ROANOKE TIMES Copyright (c) 1996, Roanoke Times DATE: Tuesday, August 20, 1996 TAG: 9608200074 SECTION: VIRGINIA PAGE: C-1 EDITION: METRO SOURCE: DAN CASEY STAFF WRITER
The howls of residents and nearby business owners won out over the plans of animal lovers Monday night before Roanoke City Council, which rejected a bid by the Roanoke Valley SPCA to build a state-of-the-art animal shelter in Northeast Roanoke.
Unless council reconsiders its action at its next meeting, the 5-2 vote means the SPCA will have to wait at least a year before applying again to rezone the 4-acre property off Lynn Brae Drive and U.S. 460.
"We'll be back next year," said Lynda McGarry, vice president of the organization, which has been searching for years for a site suitable to replace its flood-prone headquarters on the other side of Orange Avenue. "We may put administrative offices in there now," she added.
The property in question, on the north side of 460, is zoned for commercial and light manufacturing. The organization was seeking to have it rezoned to allow for heavy manufacturing, a designation that would allow an animal shelter.
The SPCA has already purchased the property and raised more than two-thirds of the $1 million it needs to build the shelter, which would be entirely indoors and include an animal hospital. Its current shelter, which is in a low-lying area, floods during heavy rains.
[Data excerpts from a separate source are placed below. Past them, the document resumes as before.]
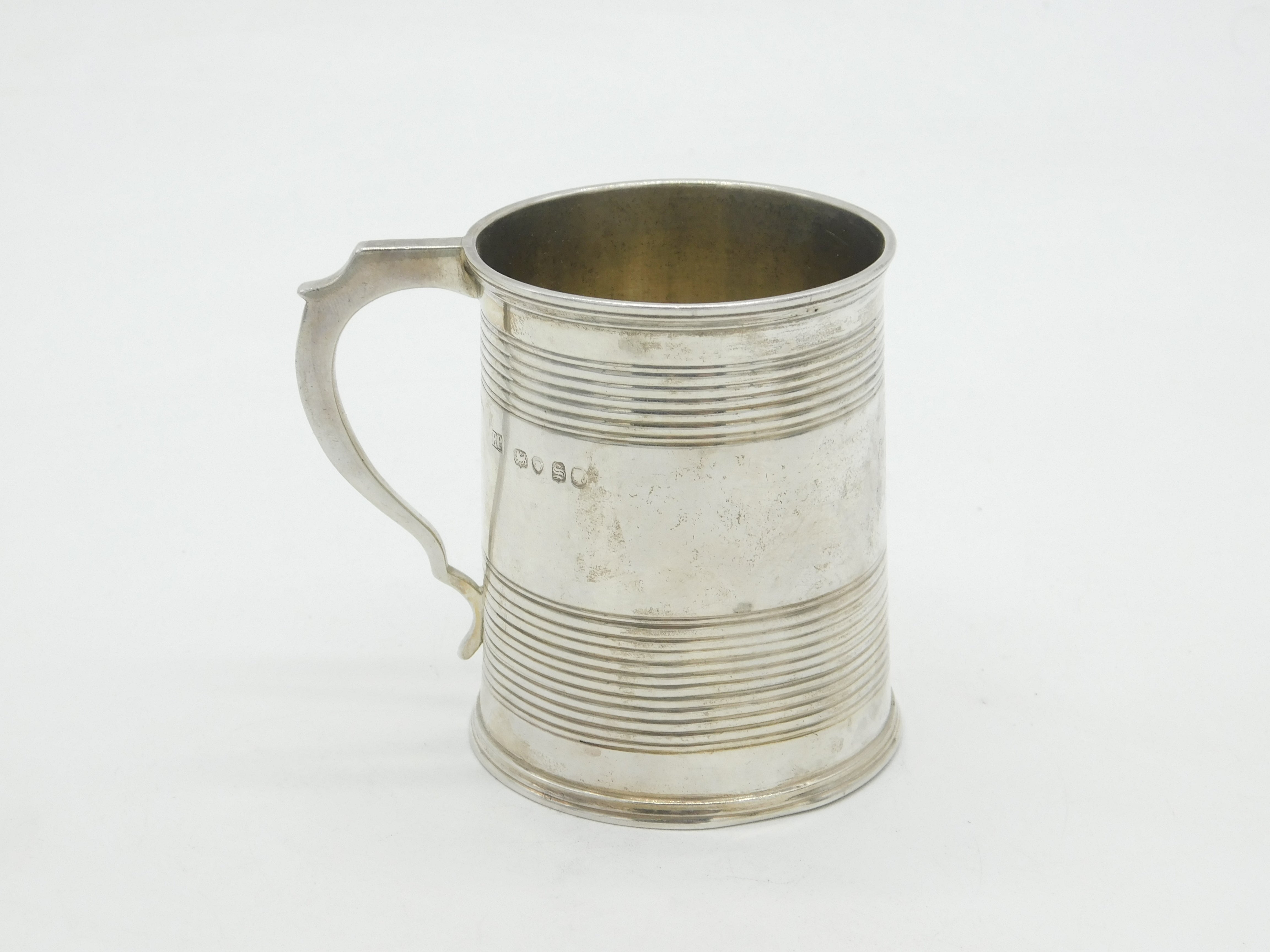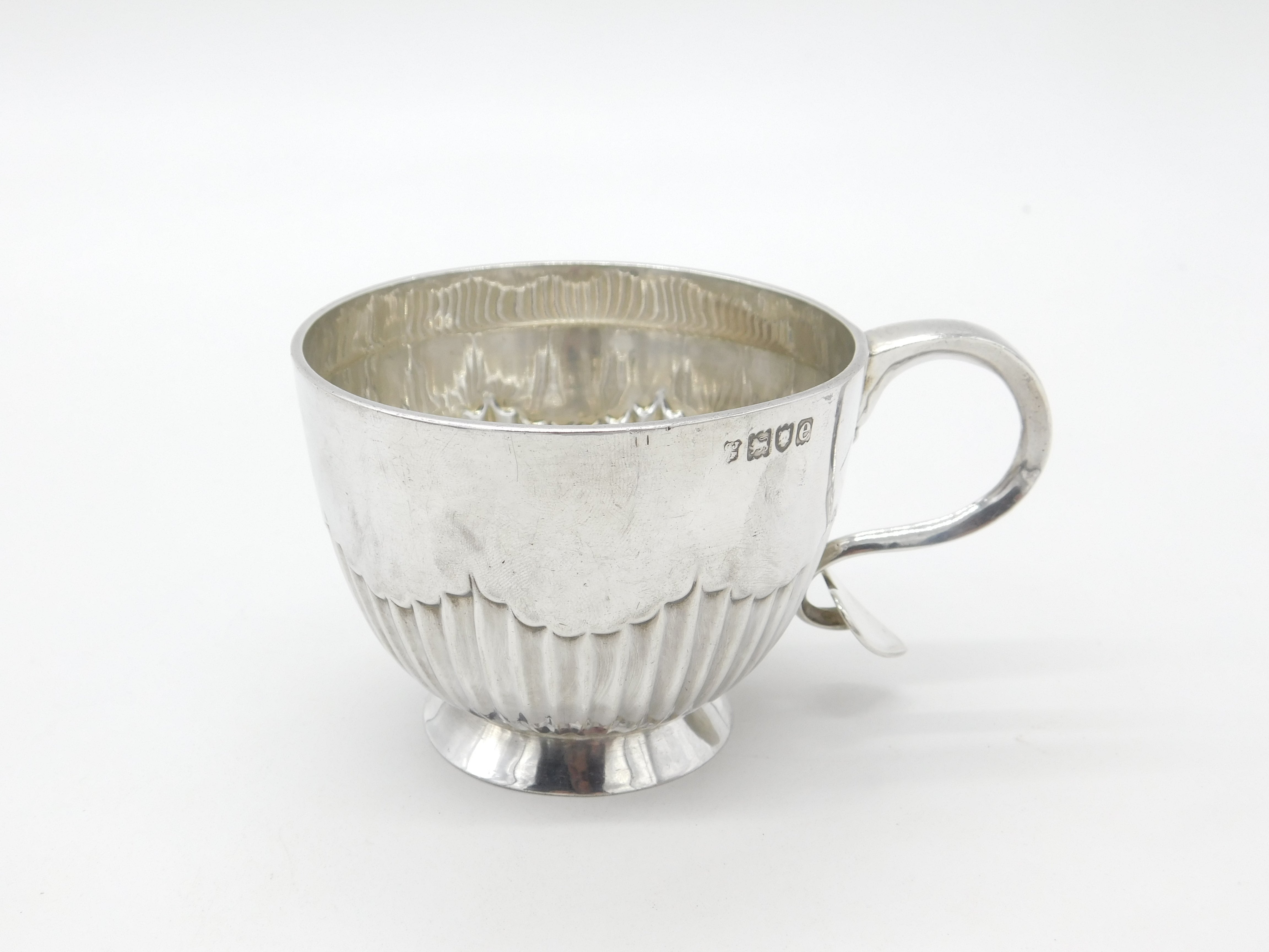 Victorian Sterling Silver Lined Pattern Christening Mug Antique 1853 London
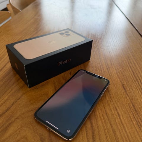 Apple iPhone 11 Pro smartphone med 64 GB intern hukommelse. Modellen har tredobbelt kamera på bagsiden og frontskærm med fuld touch-betjening. Enheden vises her i grøn farve. Telefonen kan bruges til almindelig kommunikation, internet, apps, foto og video. På billederne ses også oplader og et beskyttende cover, som eventuelt følger med efter aftale med sælger.
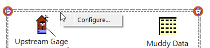 Each item is added to the workspace. Once created, position them on the workspace. Configure the colors, line types, fonts, and so forth using the Output Canvas. Quick access to the Output Canvas configuration is provided by right-click options on the item. For example, to configure a rectangle, right-click on the border and select Configure as shown below:
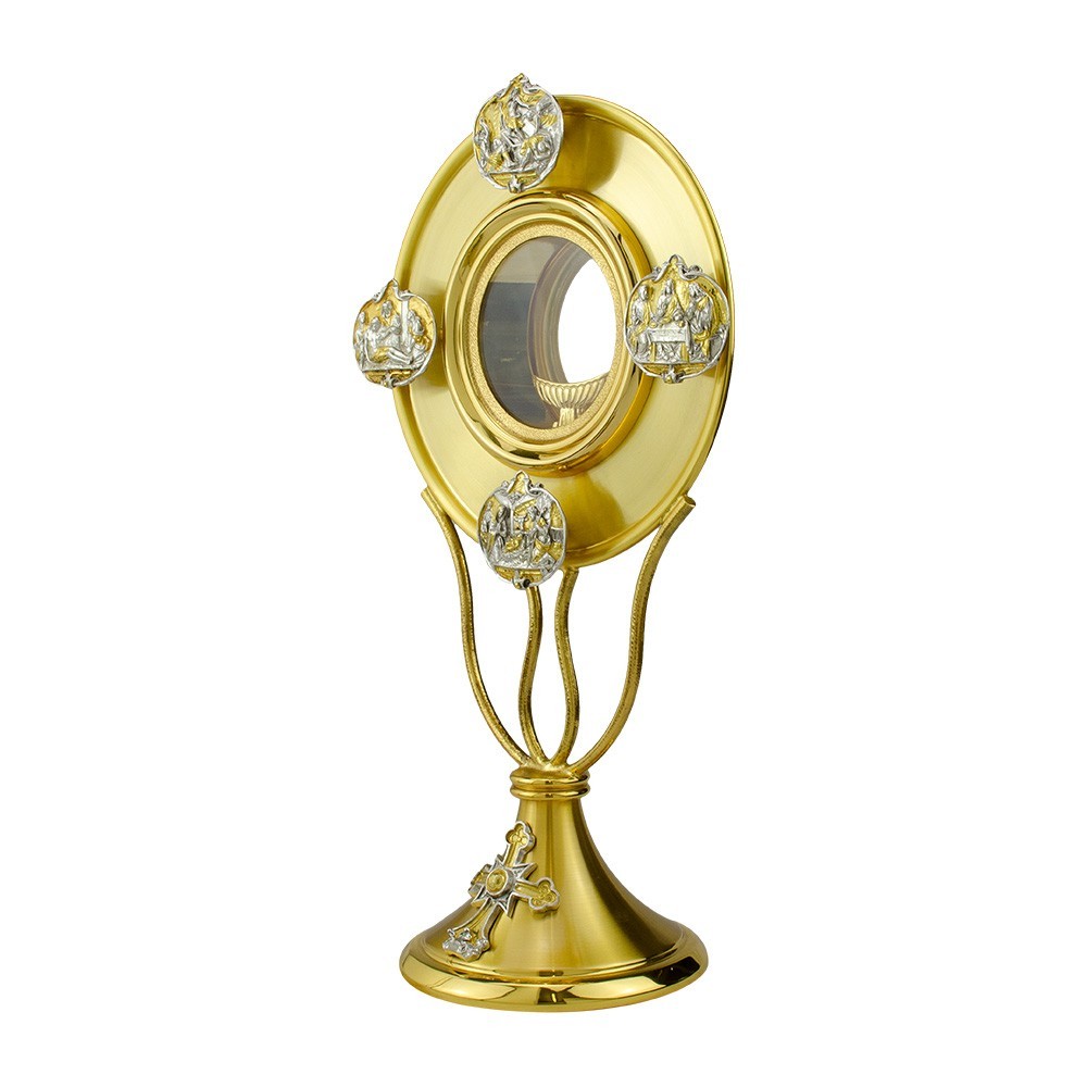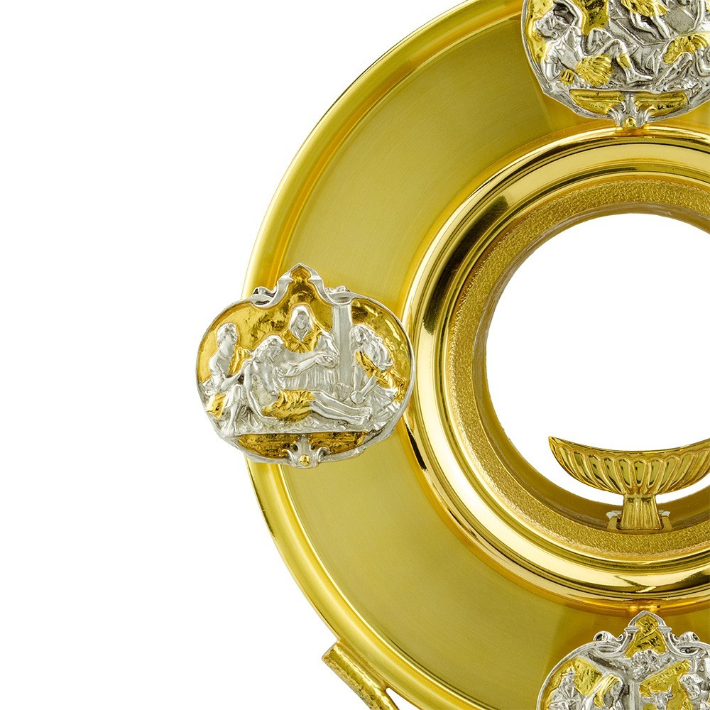 Ostensorio eucaristico, alto 28 cm, in ottone dorato con simboli bicolori. Una croce è posta sulla base e pacchette raffguranti scene sacre sono disposte sulla raggiera. con finitura argento e dorato.
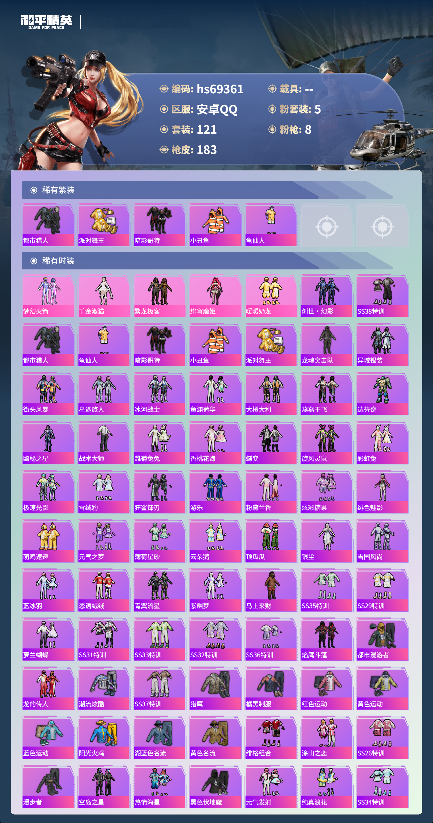 PX_2563366-,安卓手Q-5王牌印记-5粉装-8特效枪-51576热力值-121套装-183枪皮-1卓越印记

After months of delays, the Roanoke Planning Commission held a hearing on the rezoning last month and voted 5-0 against it. Chairman Carolyn Coles said, after that vote, that the commission feared requests for more rezoning would follow.
The SPCA appealed that vote to City Council, and Monday night asked that the issue be referred back to the Planning Commission, a move that would keep the request alive.
But about 25 residents who turned out for the hearing Monday wanted the issue quashed. When it was, they clapped loudly.
Residents feared noise from the facility, although SPCA officials promised it would have noise insulation.
The residents also feared odors, although the SPCA said that most of the inside air would be filtered and recirculated.
And residents said the new shelter would unsuitably be placed near eight restaurants and two grocery stores and be adjacent to a child-care center.
One of the prime concerns was that a dog pound also would move to the new site. SPCA officials would not promise they wouldn't move the pound there.
"The SPCA is an honorable organization, and I'll be the first to say they need to relocate," said Wildwood Civic League President Roy Stroop. "But not to this particular place. ... The SPCA has not promised us - and I don't think they can promise us - that there won't be odor or noise."
Others feared the shelter would dissuade businesses from occupying nearby commercial properties.
Voting to reject the rezoning were Councilmen Jim Trout, Nelson Harris, Carroll Swain, Jack Parrott and William White. Vice Mayor Linda Wyatt wanted to send the issue back to the Planning Commission, and Mayor David Bowers voted with her.
"This matter has been long around, since the middle of December," Parrott said. "I cannot imagine any [other] facts that would make a difference."
In other action, council:
Agreed to spend $50,700 in federal Community Development Block Grant funds on a boxing program serving 50 low-to moderate-income teens and adults. Council also approved $15,000 in general fund expenditures for equipment for the program, sponsored by the Roanoke City Boxing Association. And council authorized a lease agreement with the boxing group for the use of facilities at Victory Stadium.
Approved a "Percent for the Arts" program that would annually fund works of art as part of the city's capital improvement program. A committee of seven persons - four appointed by the city manager, and three appointed by the chairman of the Roanoke Arts Commission - will annually review upcoming capital projects and select at least one as suitable as a site for public art, which would be funded by the city.
Approved a $60,000 contract with Whitescarver, Hurd & Obenchain Inc. for engineering services on a new fire alarm and temperature control system at the Roanoke Civic Center. The system itself is expected to cost more than $500,000.
Approved $175,000 in city funding for the Hotel Roanoke Conference Center Commission. The Virginia Tech Real Estate Foundation has also transferred an identical amount to the commission.